At this point, there is no sense in adding a whole lot of refining capability for heavy oil in Europe; Europe lacks the cheap natural gas to process it. The same BP report mentioned previously also shows data on Europe’s refining capacity and its refinery throughput. Refining capacity and throughput both seem to be falling, as available North Sea oil falls.
Sorry for my late response – I’m presently attending an important conference in Rome, and the previous days I was very busy preparing my presentation.
Regarding your comments, if I understand correctly your point, you prefer EIA, AIE and BP data as they have better quality, apart from the fact that they integrate diverse sources of data. The key point is that they apply a better quality control and the result is, let’s say, better.
This is a reasonable point, but something that I anyway call into question: are those data really better? As a matter of fact, both EIA and IEA suffer political pressures to make up their data, and this kind of thing is much worse than having an error: it is a bias. Random errors (unexpected data failures, data flow interruptions, occasional double accounting, etc) do not really change the trend, just increase data volatility, something that can be compensated by for instance averaging (e.g., the sliding window of 12 months we apply). But biases can change trends, and that’s is quite crucial.
Your point is that maybe what is called diesel has changed along JODI series, something that I am not absolutely aware of, and in fact such a “sudden removal” of diesel from that category should result in an increase the other middle distillates, the “Other fuel oil” category, which is not the case.

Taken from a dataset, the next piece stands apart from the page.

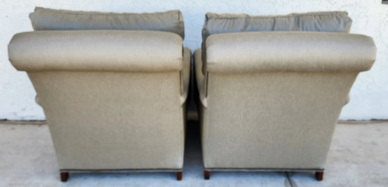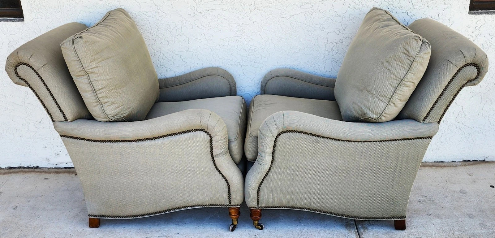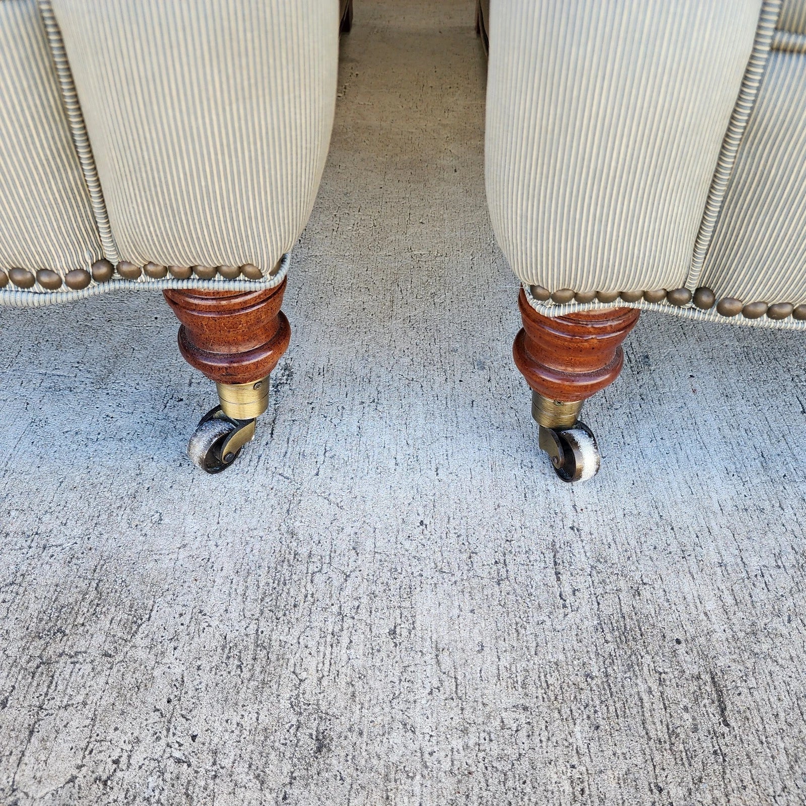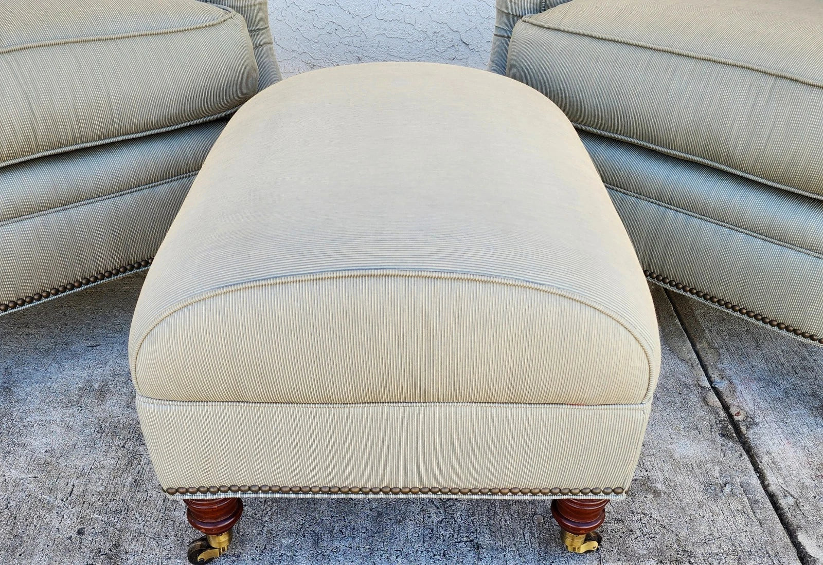 Pair of Vanguard Craftwork English Roll Arm Club Chairs & Ottoman

Besides, removal as such typically shows up as steps in the graph, something that is not observed either. So such hypothesis seems to me very unlikely.
Coping with noisy data with unknown uncertainties is something physicists are used to do, because this is our bread and butter (data from the real world are always noisy and uncertain).
So let me tell you what I propose to solve this issue:
I’m a specialist in a technique called “Triple Collocation” that allows an intrinsic characterization of errors and biases of three sets of different measurements of the same physical quantity. Therefore, abusing of your kindness, if you could provide me different data series of data of what you could name “diesel” or “medium distillates” or whatever you feel more confident of (or even better, all of them!), from different data providers you trust the most (EIA, IEA, BP, whatever) and I will include the data from JODI and make all possible triples (if we have EIA, IEA, BP and JODI we have 4 possible triplets), I can estimate the calibration factors, biases and standard deviations of the random errors for each triplet, then compare the 4 possibilities to see if the results are consistent.
This exercise could be very informative for all us and provide a better insight about where we actually are right now.